The opponents are Gallo (a record company, representing the Egnos authorship side) and UMOJA (a touring/performance group, representing the traditional side). By contrast Joe Terron [sp?] (representing UMOJA) argues that the song is traditional and thus not subject to copyright. Thula Baba was released as a single (by Egnos) in 1963, and later appeared in a 1960s movie called Dingaka.
It was common at the time (and to some extent, still is) to claim authorial ownership of public domain items. The assertion of UMOJA is that Egnos’ claim to authorship is fraudulent. Chris (who was an expert witness in the case) cites two major obstacles to putting things right. Firstly, in order for a song to qualify for traditional authorship it must be untainted by subsequent cultural changes (e.g. 300 years of colonialism). He points out that such romantic ‘quasi-mystical’ criteria mean that such isolation probably never existed, and is certainly impossible to isolate and identify. He calls this the ‘cultural essentialism’ problem.
The second obstacle is ‘The Archive’, and Chris illustrates by looking at the audio from the court record. SA recording artists Abigail Khubeka was called to the stand to give evidence. UMOJA’s lawyers called her to give evidence that Thula Baba was in the public domain before 1963, making it impossible for the work to have been composed by Egnos. She testified that she knew Thula Baba as a child (she was, as a witness, in her 70s). She was cross-examined (quite aggressively) and was asked whether the version of Thula Baba she sung as a child was exactly the same, note for note, as the version of Thula Baba that was released. Subel (the lawyer for Gallo) tried to suggest that there had been some subsequent adaptation of the melody. He also points out that there was not a single recording of Thula Baba until 1963. Khubeka asserted (very strongly) that this lullaby was known to many people aurally and that they did not record it because rural black people did not have access to recording studios. She continues to take the position that the song was passed from old to young in each generation and was thus never recorded because it known to all.
Chris points out that what looms large in the exchange is the idea of an ‘archive’ – the Gallo side invokes the archive (that is, the extent to which the song was recorded).
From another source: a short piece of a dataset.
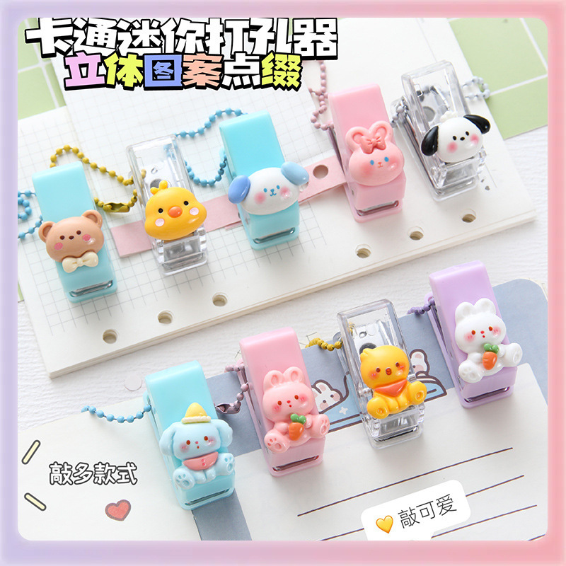 ✅만화 미니 휴대용 단일 구멍 펀처 학생 핸드북 느슨한 잎 바인딩 기계 작은 반지 구멍 펀칭스토어 가기

Gallo’s position is that because the work was not archived until 1963, it effectively did not exist [JB note – US law would call this ‘recorded in a fixed medium’]. Archives pretend to be neutral but in fact they are powerful in the definition, and (as here) subsequent assertion of copyright and ownership.
How do we overcome the obstacles, Chris asks? The first one is simply a case of ‘deconstructing the cultural essentialist argument’, and making the point that musical style should be subtracted from the study of The Work.
The second problem, he asserts, can only be protected by developing a ‘traditional’ archive and giving it legal power. There is a current (2013) SA governmental proposal in train for a Traditional Knowledge Bill. To qualify for protection, the piece of music must have originated within a traditional community, be seen in this way by members of that community, must have no identifiable author, and be fixed in a particular form. Registration of a song in such an archive would, importantly, enable the collection of royalties for these works, which would be paid back to the (usually poor) communities that generated them. He suggests that such a law represents remarkable progress, and a potential reward for those who represent this traditional music.
Questioning from the floor reveals some interesting possibilities, including a discussion of the timescale of the expiry of such rights, a comparison between this case and the making of postwar Native American recordings in the US, and the involvement of the World Intellectual Property Organisation (WIPO) in future developments.